I have looked at Walmart, and OfficeMax, but seem to remember that those safes say they are not recommended for gun storage....is that just their legal disclaimer that this is not a "gun safe", or please buy our more expensive "gun safe"?

Thanks for all the input! :)
 
Proctor, I'm guessing the front is 1/4 inch steel and the sides 1/8 inch.

That's what mine is. Safes are designed to be installed in an area that is difficult to access from the sides, top and back. That means the only access the thief has is the front.

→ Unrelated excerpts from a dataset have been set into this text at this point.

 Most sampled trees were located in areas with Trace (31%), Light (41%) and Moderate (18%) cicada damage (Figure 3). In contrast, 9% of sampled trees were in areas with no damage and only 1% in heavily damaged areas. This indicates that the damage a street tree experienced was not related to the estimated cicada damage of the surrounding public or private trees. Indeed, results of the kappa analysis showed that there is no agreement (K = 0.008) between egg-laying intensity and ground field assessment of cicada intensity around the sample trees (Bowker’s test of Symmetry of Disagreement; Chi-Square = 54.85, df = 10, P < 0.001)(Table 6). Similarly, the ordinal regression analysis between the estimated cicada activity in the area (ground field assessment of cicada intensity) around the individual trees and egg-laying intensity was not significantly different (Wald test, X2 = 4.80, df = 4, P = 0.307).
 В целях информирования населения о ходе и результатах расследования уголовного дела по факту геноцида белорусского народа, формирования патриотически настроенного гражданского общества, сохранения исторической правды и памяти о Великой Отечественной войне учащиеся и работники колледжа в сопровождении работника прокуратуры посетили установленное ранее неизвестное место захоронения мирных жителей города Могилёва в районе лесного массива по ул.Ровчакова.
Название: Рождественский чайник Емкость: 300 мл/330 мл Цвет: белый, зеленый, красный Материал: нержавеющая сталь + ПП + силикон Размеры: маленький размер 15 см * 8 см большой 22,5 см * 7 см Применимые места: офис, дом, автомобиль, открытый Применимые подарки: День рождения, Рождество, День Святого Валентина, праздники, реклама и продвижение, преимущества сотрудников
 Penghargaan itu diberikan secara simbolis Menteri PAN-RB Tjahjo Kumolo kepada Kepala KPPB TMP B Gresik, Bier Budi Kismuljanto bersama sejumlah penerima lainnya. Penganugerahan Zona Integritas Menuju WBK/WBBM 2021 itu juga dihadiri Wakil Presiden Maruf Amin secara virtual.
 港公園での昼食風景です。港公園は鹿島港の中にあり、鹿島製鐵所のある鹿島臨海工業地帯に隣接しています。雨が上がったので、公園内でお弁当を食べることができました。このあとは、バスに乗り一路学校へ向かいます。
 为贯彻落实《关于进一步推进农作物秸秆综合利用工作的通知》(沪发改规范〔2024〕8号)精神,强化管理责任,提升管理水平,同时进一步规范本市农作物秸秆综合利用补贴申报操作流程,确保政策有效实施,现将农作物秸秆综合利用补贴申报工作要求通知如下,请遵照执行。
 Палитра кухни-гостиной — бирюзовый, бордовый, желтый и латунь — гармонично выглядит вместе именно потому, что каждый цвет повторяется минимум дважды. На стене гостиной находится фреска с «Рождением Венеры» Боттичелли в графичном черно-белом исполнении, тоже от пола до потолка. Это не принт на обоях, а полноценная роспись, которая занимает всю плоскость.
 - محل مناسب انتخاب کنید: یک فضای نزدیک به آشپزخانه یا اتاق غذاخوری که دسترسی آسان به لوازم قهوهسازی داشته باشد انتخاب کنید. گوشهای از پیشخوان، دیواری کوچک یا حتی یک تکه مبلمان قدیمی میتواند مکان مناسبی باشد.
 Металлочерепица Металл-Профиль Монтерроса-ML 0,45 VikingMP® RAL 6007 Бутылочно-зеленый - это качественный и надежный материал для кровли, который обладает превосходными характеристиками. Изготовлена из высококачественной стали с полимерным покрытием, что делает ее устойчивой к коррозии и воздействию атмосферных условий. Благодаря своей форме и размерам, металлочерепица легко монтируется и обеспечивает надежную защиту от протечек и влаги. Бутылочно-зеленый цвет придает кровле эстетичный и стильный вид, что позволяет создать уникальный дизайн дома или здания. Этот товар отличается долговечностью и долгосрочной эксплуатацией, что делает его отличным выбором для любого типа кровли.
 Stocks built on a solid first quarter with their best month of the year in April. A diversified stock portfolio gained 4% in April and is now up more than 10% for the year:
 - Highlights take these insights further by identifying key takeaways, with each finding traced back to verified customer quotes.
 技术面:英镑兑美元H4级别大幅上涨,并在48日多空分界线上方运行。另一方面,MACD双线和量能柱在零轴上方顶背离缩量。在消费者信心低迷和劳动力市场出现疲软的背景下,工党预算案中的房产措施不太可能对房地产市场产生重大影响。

The dealer that sold me my safe said that he could break into any gun safe with a circular saw, masonry blades, and enough time.

He sold two types of safes, 1/4 inch steel front, 1/8 inch steel sides, etc. And 1/4 inch steel sides, 1/2 inch steel front. The different thicknesses will not stop the thief, only slow him down.

He said any such gun safes are vulnerable if the thief has sufficient time. He also emphasized the importance of bolting it down because he knew of numerous times where the thief just came in with a dolly and took the whole thing.

But the last thing he said is what got my attention. 99.8% of gun thefts were committed by friends/acquaintences of the gun owner. These people knew where the guns were, how they were secured, and the owner's schedule.
 
Many small safes and lockboxes are not really very good. I have seen more than one that can be pried open with a large screwdriver. This goes for many fire safes. They are designed for fire not security. They may look heavy but often the bolts go into a plastic recess hole. While most products can be defeated, at least try to make it harder than using a prybar.
 
As PinnedAndRecessed mentioned, stores such as Office Depot, Office Max, Staples, etc., have good choices. Even WalMart and Sports Authority have safes, IIRC. Check these stores out online also.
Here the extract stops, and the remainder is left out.